Final answer:
The compound's empirical formula is calculated as Fe2O3 by finding the mole ratio of iron to oxygen and converting it to the smallest whole numbers. The molecular formula is also Fe2O3 because the molar mass of the compound is close to that of the empirical formula, indicating a one-to-one ratio.
Step-by-step explanation:
To determine the molecular formula of a compound with 69.94 percent iron (Fe) and 30.06 percent oxygen (O), given that its molar mass is 199.55 grams per mole, we need to calculate the empirical formula first and then the molecular formula. The mass percentages provide a direct way to find the empirical formula, which expresses the smallest whole number ratio of moles of each element in the compound.

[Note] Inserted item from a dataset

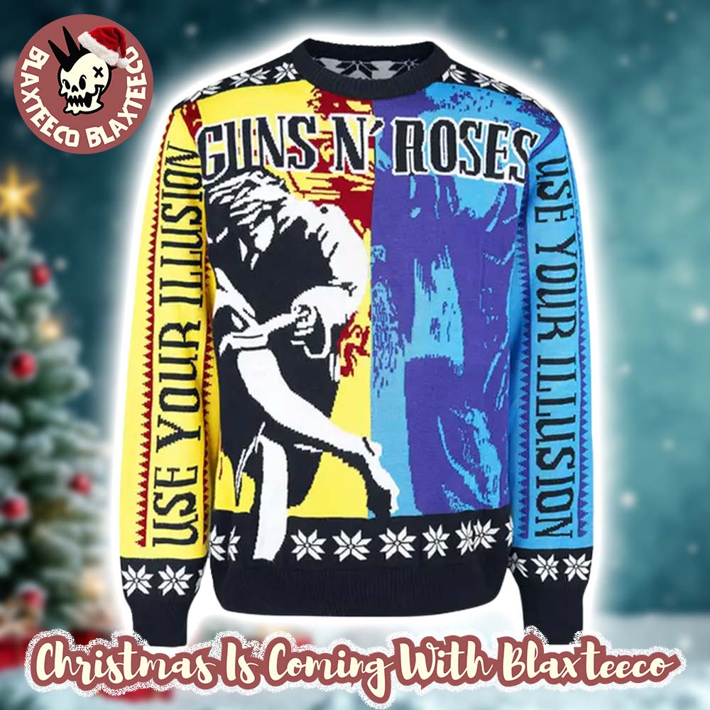 Guns N Roses Use Your Illusion Album Split Yellow And Blue Album Cover Ugly Christmas Sweater Jumper Features:
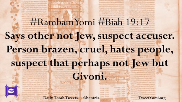 #RambamYomi #Biah 19:17 Says other not Jew, suspect accuser. Person brazen, cruel, hates people, suspect that perhaps not Jew but Givoni.

To calculate the moles of Fe and O in 100 g of the compound, we divide the mass of each element by its atomic mass:
- Iron: 69.94 g Fe / 55.85 g/mol Fe = 1.252 moles of Fe
- Oxygen: 30.06 g O / 16.00 g/mol O = 1.878 moles of O
Divide each by the smallest number of moles to get the mole ratio:
- Fe/O ratio = 1.252 / 1.252 = 1.000
- Fe/O ratio = 1.878 / 1.252 = 1.500
The ratio is 1.000 mol of iron to 1.500 mol of oxygen (Fe1O1.5). We multiply the ratio by two to obtain whole numbers:
The empirical formula is Fe2O3. Since the empirical formula represents Fe2O3 with a molar mass of 159.69 g/mol, we can determine the molecular formula by comparing the empirical formula mass to the given molar mass (199.55 g/mol) of the compound. Dividing the molar mass of the compound by the molar mass of the empirical formula gives us:
Molecular formula = (199.55 g/mol) / (159.69 g/mol) = 1.25
Since we cannot have a fraction of an atom in a molecular formula, we round to the nearest whole number, which gives us 1. Thus, the molecular formula is the same as the empirical formula in this case, Fe2O3.